Posted: Thu Jul 26, 2007 8:23 am
by abhilashnair
The job does respond to Stop request as well as reset request. I tried stopping it, then resetting it and then restarted it. Still the same thing.

Regarding the structure, the job reads records from a seq file..Does a lookup and couple of transformations. Then writes the output to another set of seq files.
The job has not been changed for quite some time now. In fact it ran well 0n 07/24. The issue started yesterday i.e 07/25.

Posted: Thu Jul 26, 2007 9:07 am
by chulett
Then you need to ascertain what changed yesterday. If not the job iteself, then what in the job's environment? Obviously, something did - the hard part can be figuring out what.

Another thing could be the data. Is there anything 'unusual' (whatever that means) about that day's data? Especially looking around the record count that matches where it gets 'stuck'?

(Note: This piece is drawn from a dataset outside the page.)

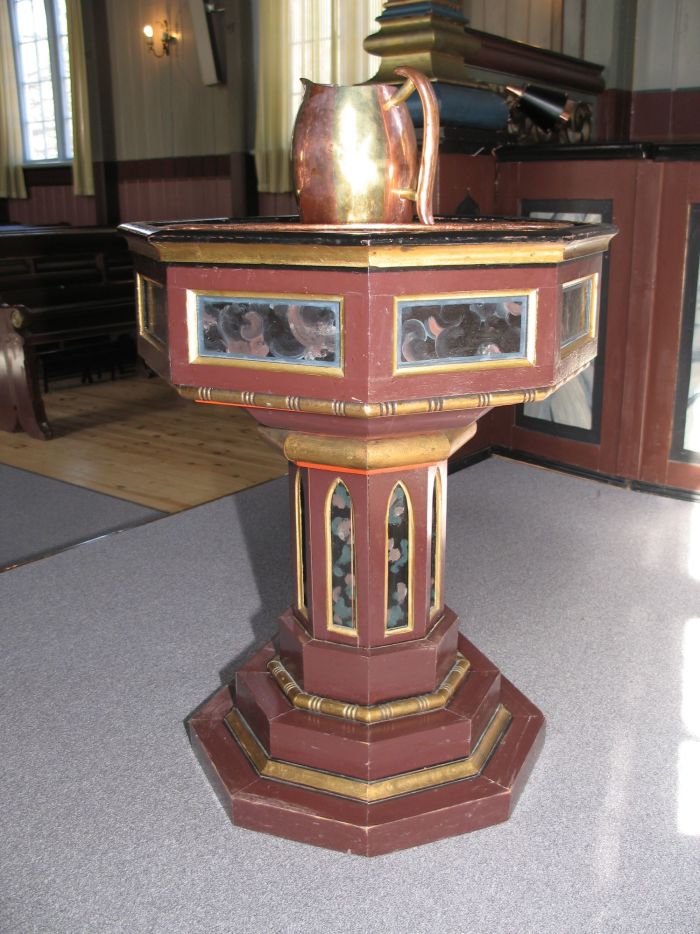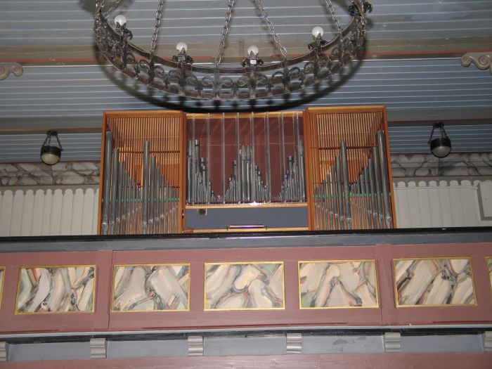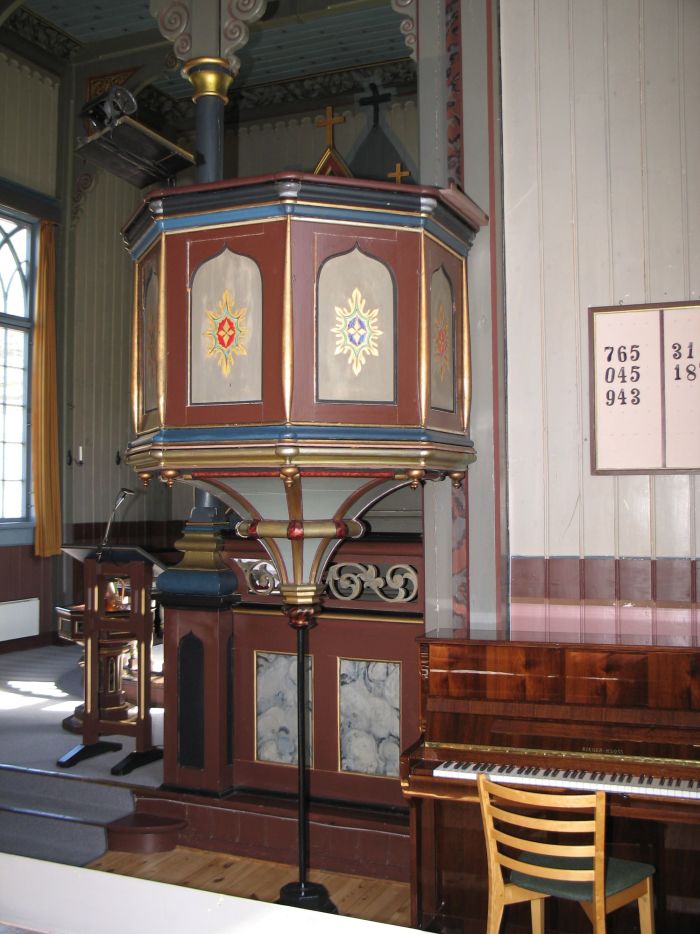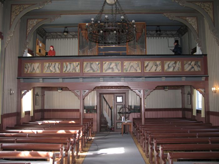 Det er orgelgalleri innenfor inngangen. Koret åpner seg mot skipet i sin fulle bredde, men er litt avskjermet øverst. Koråpningen er tredelt, og det er skranker som korskille i de to mindre sidebuene. Korgulvet er to trinn høyere enn skipets gulv. Prekestolen står i den høyre (søndre) sidebuen og har oppgang fra koret.

Posted: Thu Jul 26, 2007 9:12 am
by abhilashnair
chulett wrote:Then you need to ascertain what changed yesterday. If not the job iteself, then what in the job's environment? Obviously, something did - the hard part can be figuring out what.

Another thing could be the data. Is there anything 'unusual' (whatever that means) about that day's data? Especially looking around the record count that matches where it gets 'stuck'?
The job has not changed yesterday.

No rows are being read from the i/p file...the link is in running state..it shows blue color...but the statistics show 0rows,0 rows/sec. But the file is fine...I can view data also

Posted: Thu Jul 26, 2007 10:50 am
by Krazykoolrohit
reset the job and clear the status file (using director).

Posted: Thu Jul 26, 2007 11:17 am
by abhilashnair
That was the first thing I did. :o

Re: Job in Running State

Posted: Thu Jul 26, 2007 1:47 pm
by ray.wurlod
abhilashnair wrote:We have a server job which runs daily. Normally it takes approx 7 minutes to complete. But the yesterdays run of this job is still in running state. No warnings whatsoever. We are not accessing any Databases. Only seq files and hash files. All the files required are in place and have the proper rights. We are able to view data as well thru designer. But the job wont move ahead. please reply
What has changed?

"Nothing" is not the correct answer. Track it down.

Re: Job in Running State

Posted: Thu Jul 26, 2007 6:38 pm
by kausikMitra
abhilashnair wrote:We have a server job which runs daily. Normally it takes approx 7 minutes to complete. But the yesterdays run of this job is still in running state. No warnings whatsoever. We are not accessing any Databases. Only seq files and hash files. All the files required are in place and have the proper rights. We are able to view data as well thru designer. But the job wont move ahead. please reply
Abhilash
May be I am wrong..can u pls check the area where the user is going to create the hash file has write access. Did you earlier run the job using the same user or different user. if yes, are they belong to same group, enjoying same privs. Abhilash, you have to be careful while using hash files, if used properly will give you good performance or the reverse.How you are creating the hash file, is it a full refresh? are you deleting the file before creating. if yes then pls dont select the "clear before writing" in Update option, what is the value you have set for caching attribute? what is the groupsize?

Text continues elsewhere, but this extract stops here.